▶ [Brief] Across the records that follow, determine how many lines contain "purchased" and give only the resulting number.

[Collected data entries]
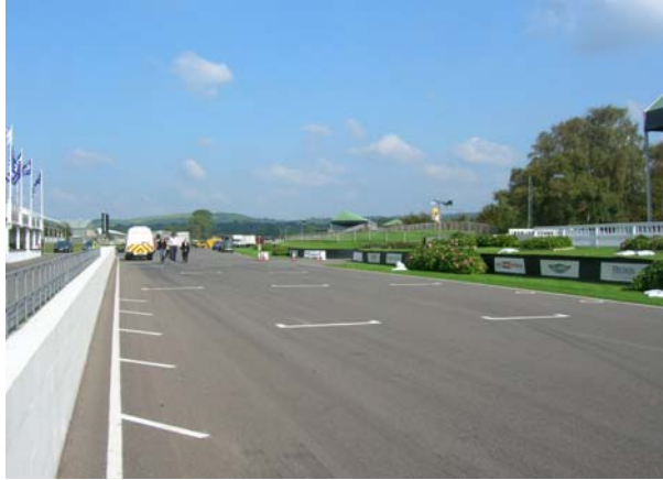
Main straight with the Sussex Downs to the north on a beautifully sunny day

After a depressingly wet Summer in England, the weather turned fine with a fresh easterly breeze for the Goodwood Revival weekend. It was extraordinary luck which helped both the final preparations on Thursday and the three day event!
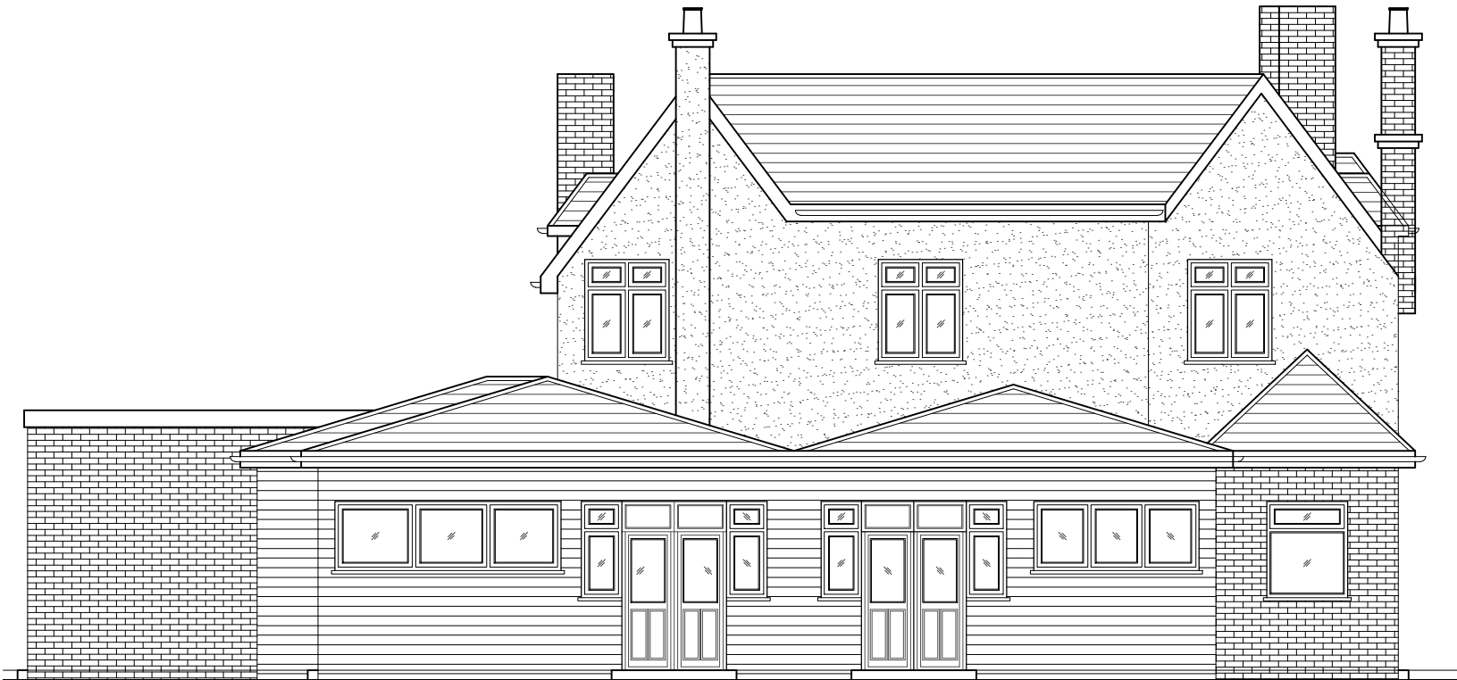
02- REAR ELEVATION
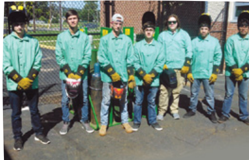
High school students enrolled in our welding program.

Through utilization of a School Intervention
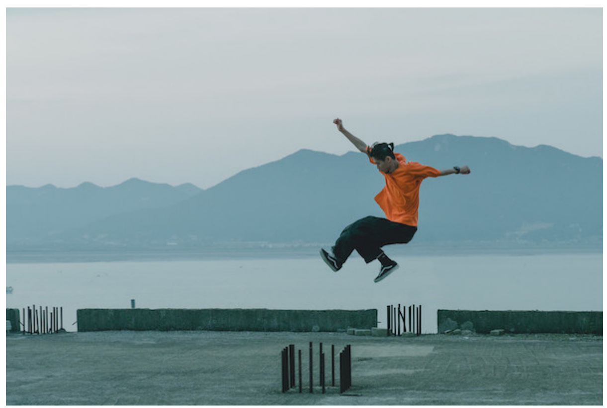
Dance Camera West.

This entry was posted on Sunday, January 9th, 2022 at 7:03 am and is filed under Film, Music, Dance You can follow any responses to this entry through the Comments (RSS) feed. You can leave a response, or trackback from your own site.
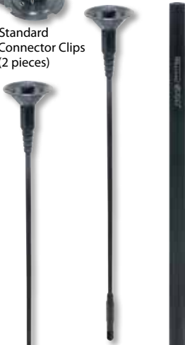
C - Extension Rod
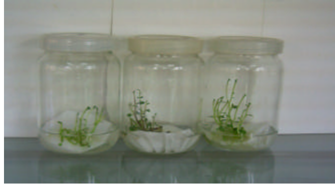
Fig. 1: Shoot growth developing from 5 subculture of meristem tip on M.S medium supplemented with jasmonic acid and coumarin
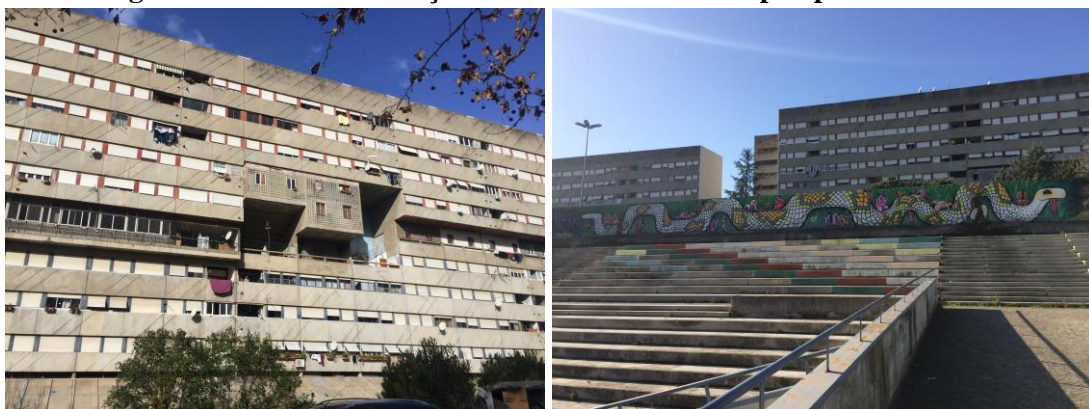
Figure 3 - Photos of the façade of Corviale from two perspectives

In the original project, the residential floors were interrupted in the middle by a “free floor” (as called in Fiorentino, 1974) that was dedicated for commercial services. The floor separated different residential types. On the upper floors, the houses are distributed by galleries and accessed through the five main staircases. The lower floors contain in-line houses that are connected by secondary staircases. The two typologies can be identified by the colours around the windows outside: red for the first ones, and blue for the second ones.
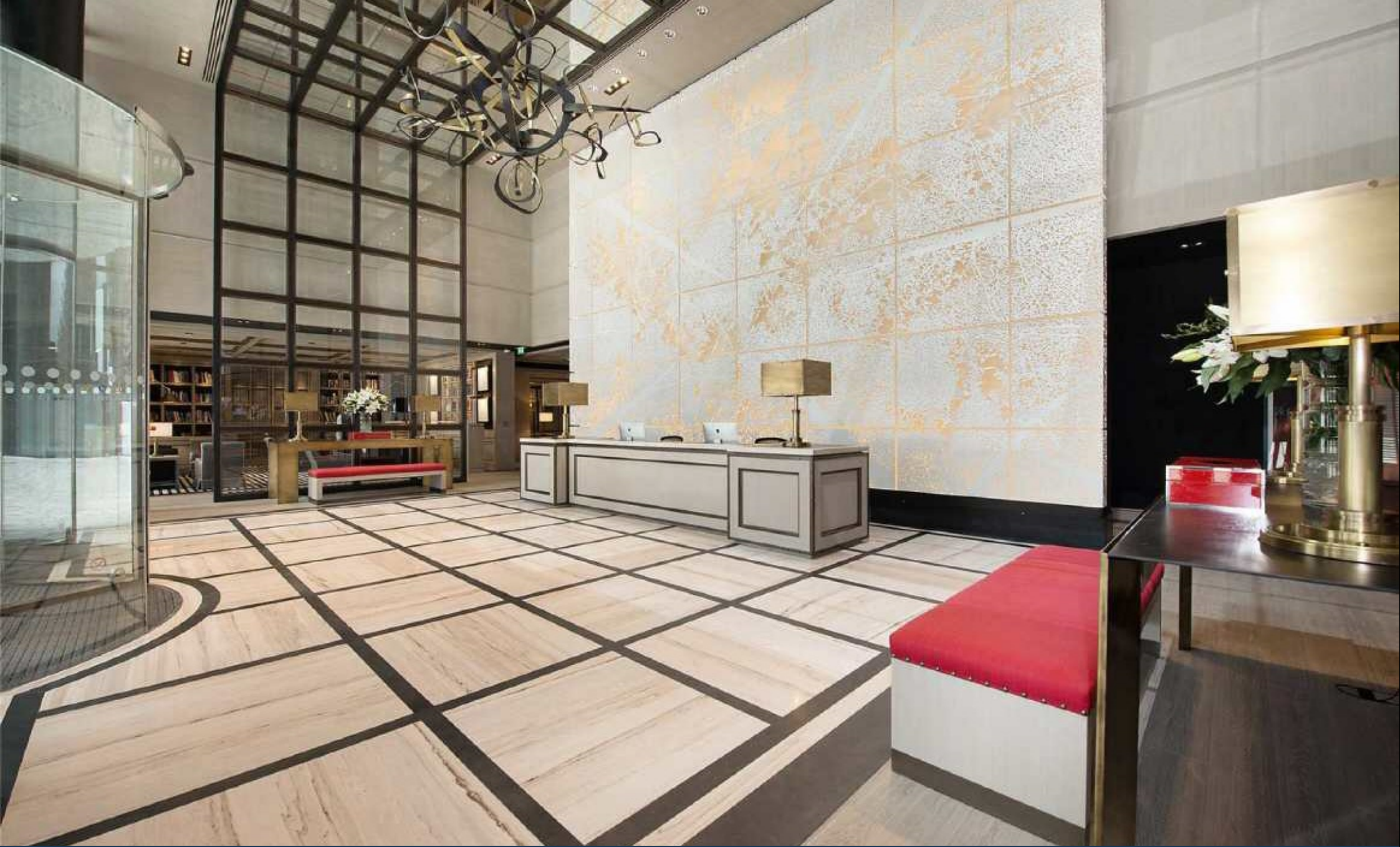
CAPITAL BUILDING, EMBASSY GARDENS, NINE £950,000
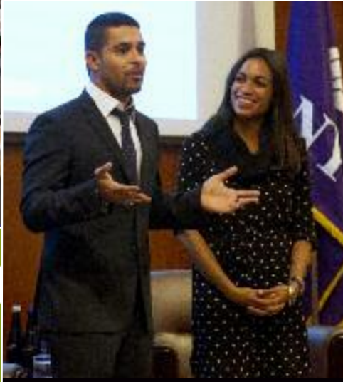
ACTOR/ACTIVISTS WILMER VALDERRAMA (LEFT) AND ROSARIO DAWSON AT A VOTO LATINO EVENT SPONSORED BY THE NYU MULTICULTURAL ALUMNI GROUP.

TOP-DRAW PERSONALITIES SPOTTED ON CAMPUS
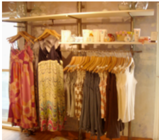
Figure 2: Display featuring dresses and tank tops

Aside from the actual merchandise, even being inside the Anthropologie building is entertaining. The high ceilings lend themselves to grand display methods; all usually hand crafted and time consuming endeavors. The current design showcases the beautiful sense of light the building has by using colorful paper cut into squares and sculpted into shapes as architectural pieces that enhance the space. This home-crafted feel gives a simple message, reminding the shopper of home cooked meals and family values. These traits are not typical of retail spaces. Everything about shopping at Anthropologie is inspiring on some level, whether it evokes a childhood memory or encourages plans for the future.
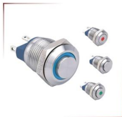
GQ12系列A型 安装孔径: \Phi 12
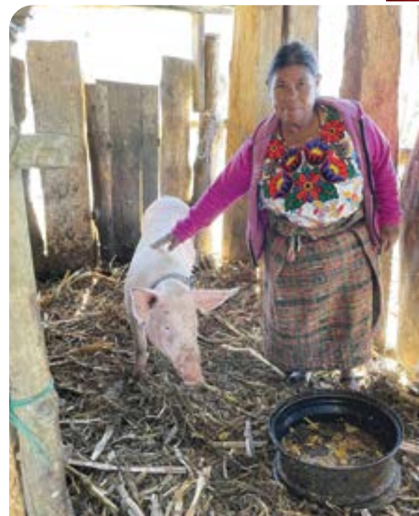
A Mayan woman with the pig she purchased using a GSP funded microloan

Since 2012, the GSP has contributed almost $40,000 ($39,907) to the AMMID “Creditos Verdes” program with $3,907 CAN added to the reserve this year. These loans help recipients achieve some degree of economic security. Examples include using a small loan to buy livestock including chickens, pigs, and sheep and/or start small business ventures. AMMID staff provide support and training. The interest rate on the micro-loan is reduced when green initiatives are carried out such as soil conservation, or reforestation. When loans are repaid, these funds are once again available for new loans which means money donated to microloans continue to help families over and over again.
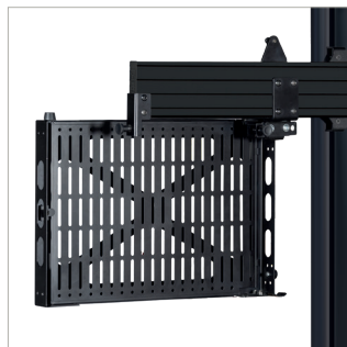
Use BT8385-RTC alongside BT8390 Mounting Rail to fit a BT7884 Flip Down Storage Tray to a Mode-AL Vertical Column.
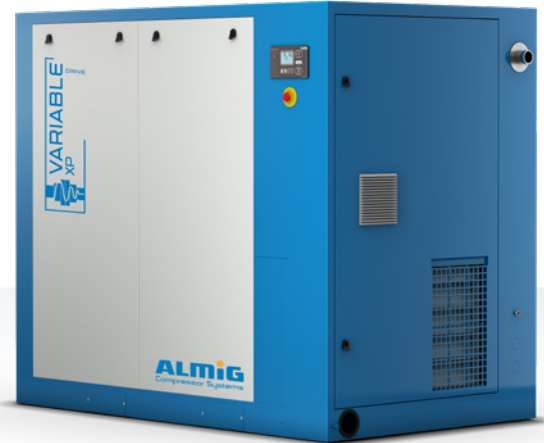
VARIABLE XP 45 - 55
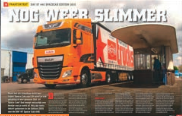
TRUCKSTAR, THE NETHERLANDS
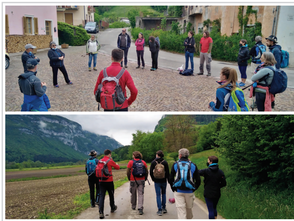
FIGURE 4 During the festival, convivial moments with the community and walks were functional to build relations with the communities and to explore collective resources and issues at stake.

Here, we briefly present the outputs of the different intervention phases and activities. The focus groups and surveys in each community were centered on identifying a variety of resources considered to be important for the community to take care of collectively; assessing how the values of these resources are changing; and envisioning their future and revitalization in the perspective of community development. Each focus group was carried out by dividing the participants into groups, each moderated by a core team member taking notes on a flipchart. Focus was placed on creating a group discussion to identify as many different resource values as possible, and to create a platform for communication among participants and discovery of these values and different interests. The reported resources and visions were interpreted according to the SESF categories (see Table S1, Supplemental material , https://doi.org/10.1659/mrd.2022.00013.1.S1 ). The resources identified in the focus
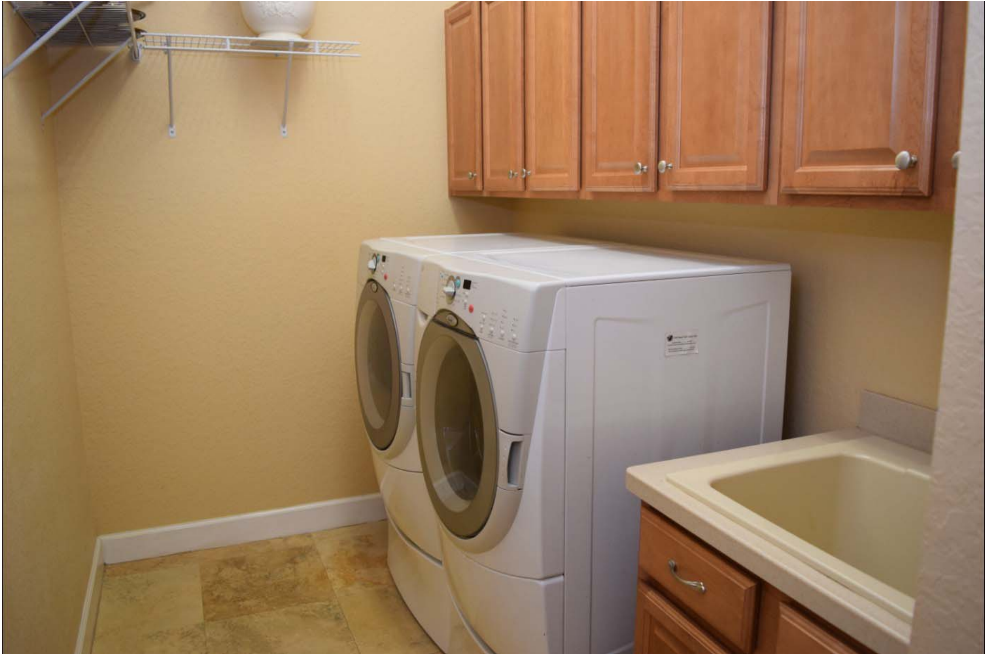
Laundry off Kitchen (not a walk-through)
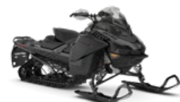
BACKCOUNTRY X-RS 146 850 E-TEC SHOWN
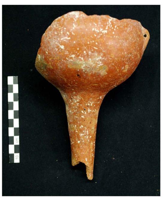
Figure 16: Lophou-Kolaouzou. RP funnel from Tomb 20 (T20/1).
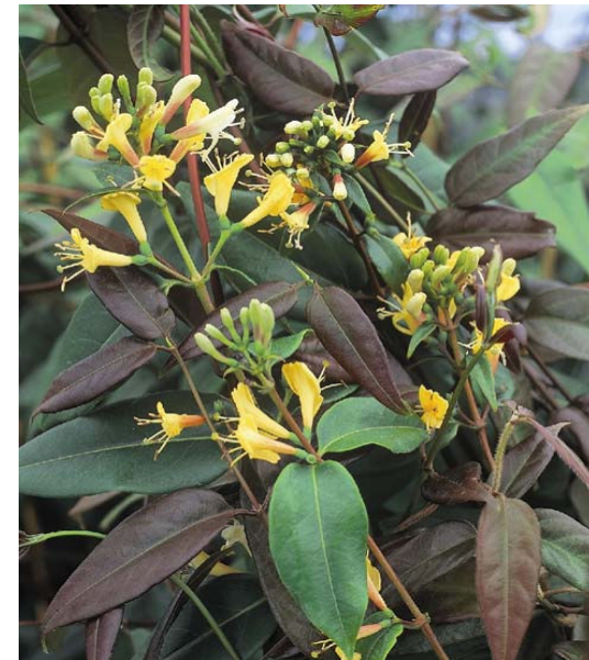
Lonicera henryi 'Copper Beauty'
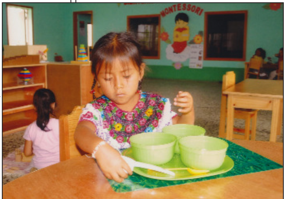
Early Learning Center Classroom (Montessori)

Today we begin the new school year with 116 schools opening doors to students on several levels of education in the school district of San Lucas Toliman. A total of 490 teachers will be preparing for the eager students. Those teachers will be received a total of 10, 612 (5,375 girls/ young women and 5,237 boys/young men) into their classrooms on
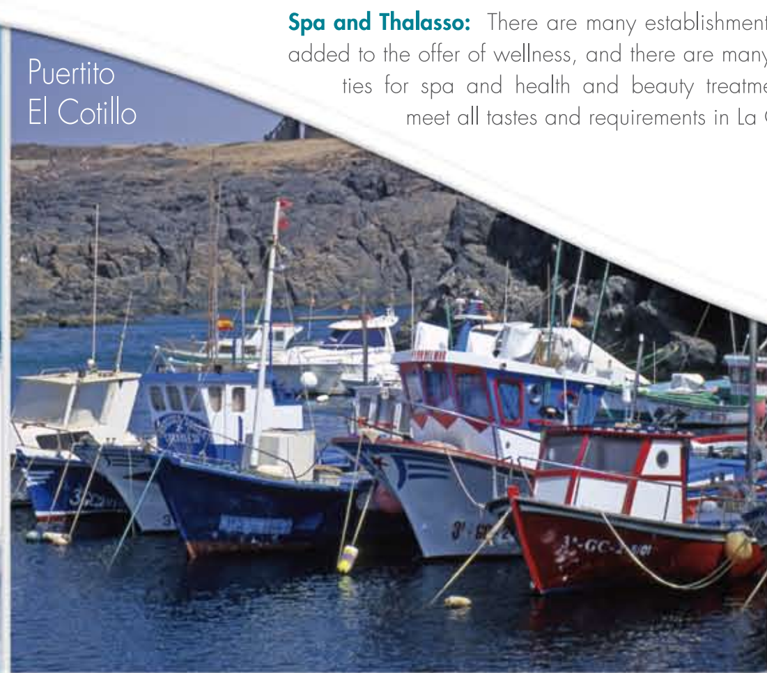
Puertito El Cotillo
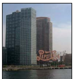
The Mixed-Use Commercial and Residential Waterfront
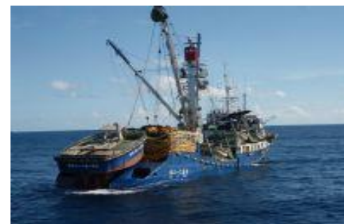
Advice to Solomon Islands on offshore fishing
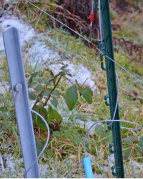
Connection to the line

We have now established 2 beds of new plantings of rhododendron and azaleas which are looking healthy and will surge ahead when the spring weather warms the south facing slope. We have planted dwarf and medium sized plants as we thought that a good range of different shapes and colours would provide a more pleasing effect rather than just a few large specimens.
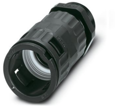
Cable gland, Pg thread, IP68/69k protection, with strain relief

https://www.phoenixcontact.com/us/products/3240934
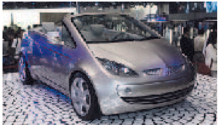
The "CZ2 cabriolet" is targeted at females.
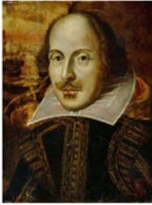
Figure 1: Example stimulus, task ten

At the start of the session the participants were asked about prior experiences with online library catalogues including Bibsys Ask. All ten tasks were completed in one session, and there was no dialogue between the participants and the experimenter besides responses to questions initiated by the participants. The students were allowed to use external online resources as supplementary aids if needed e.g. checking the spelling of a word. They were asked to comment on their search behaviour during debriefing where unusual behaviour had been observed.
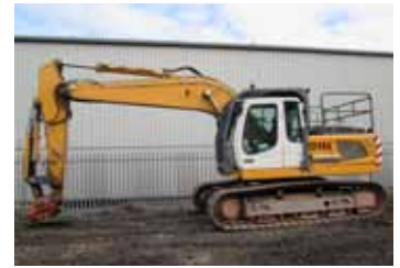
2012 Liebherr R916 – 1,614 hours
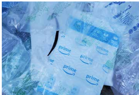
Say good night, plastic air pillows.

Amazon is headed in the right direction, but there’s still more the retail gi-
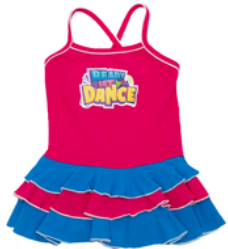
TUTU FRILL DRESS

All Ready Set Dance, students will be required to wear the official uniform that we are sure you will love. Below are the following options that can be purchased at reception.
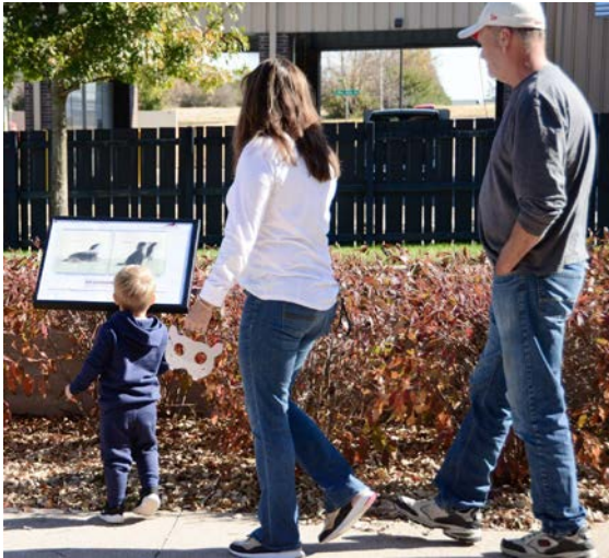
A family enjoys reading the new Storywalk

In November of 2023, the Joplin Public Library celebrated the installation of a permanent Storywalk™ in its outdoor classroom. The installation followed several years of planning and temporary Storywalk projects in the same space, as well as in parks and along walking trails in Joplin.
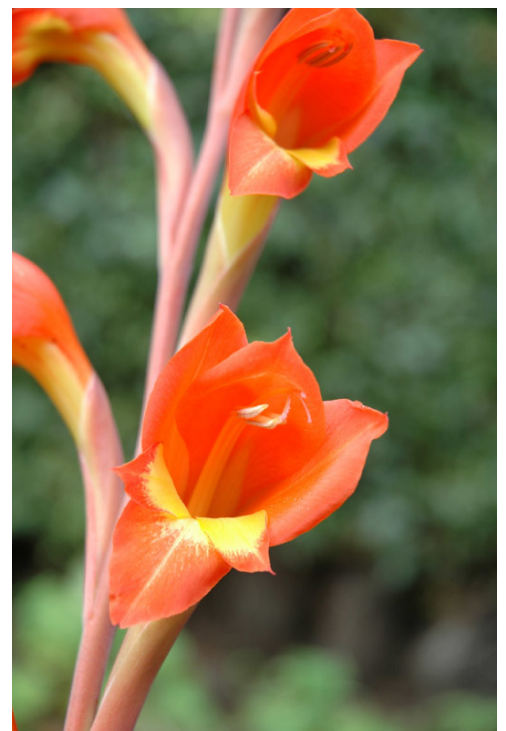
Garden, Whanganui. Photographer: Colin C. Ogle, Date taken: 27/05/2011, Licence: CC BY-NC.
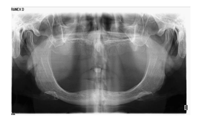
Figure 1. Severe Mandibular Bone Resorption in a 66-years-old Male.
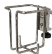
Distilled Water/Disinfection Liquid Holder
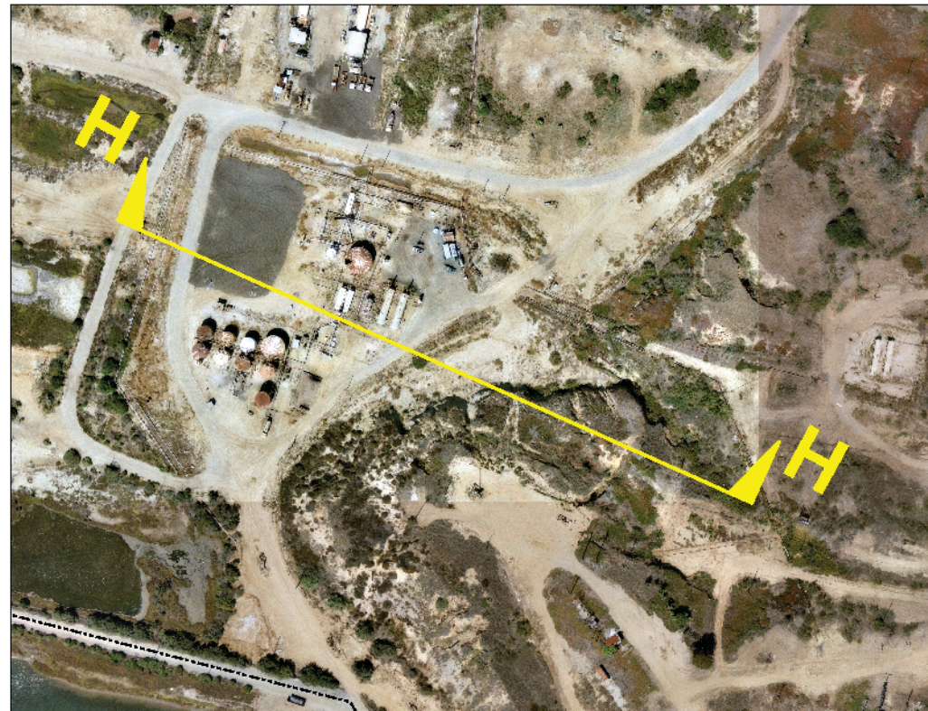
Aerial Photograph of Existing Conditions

▶ [Solution to this task] 2